Т. 14 Чужак в стране чужой - Хайнлайн Роберт Энсон (чтение книг txt) 📗
— Вы очень долго шли к телефону.
— Это мой телефон, мистер Секретарь. Иногда я и вообще к нему не подхожу.
— Весьма похоже. Почему вы не сказали мне, что Какстон — алкоголик?
— А он алкоголик?
— Вне всяких сомнений! И у него был глухой запой. Отсыпался в Соноре, в какой-то ночлежке.
— Очень рад услышать, что его нашли. Благодарю вас, сэр.
— Его арестовали за бродяжничество. Но в суд дело не пойдет — мы отдадим его вам, с рук на руки.
— Я в долгу перед вами, сэр.
— Не велик подарочек. Грязный, небритый и несет от него, говорят, как из пивной бочки. Получите его в первозданном виде и сами убедитесь, что это за тип.

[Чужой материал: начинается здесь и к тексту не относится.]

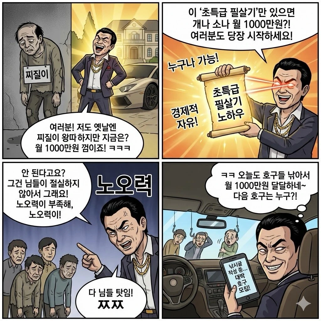 1. ‘간절함’을 낚는 약탈적 마케팅의 실체 많은 ‘가짜 전문가’들이 대중의 경제적 어려움과 성공에 대한 간절함을 미끼로 사용합니다. 만화에서 보여주듯, 그들은 이성적인 판단보다는 감정을 자극하여 “나도 저 사람처럼 될 수 있다”는…
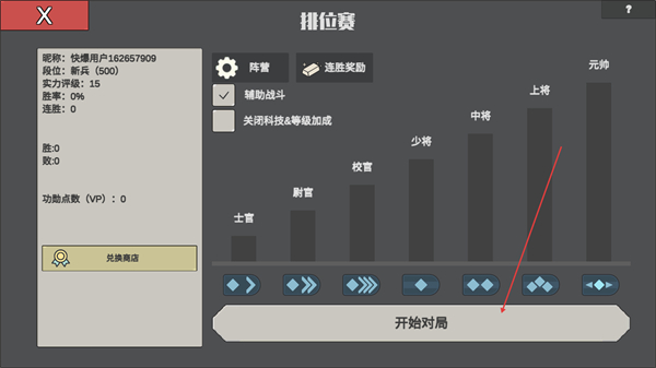 1、在排位赛界面确认设置后,点击开始对局进入战斗。

— Да, сэр. Когда можно его ожидать?
— Из Ногалеса вылетела курьерская машина; четыре звука, так что скоро будет у вас. Пилот сдаст его под расписку.
— Хорошо, сэр.
— А дальше я умываю руки. Надеюсь, вы и ваш клиент явитесь на переговоры, а уж как поступить с этим пьяным клеветником — решайте сами.
— Согласен. Когда?
— Завтра в десять?
— «И делу бы конец». Согласен.
Джубал спустился и вышел наружу.
— Джилл! Скорее сюда!
— Сейчас, Джубал.
Следом за подбежавшей Джилл появился один из репортеров.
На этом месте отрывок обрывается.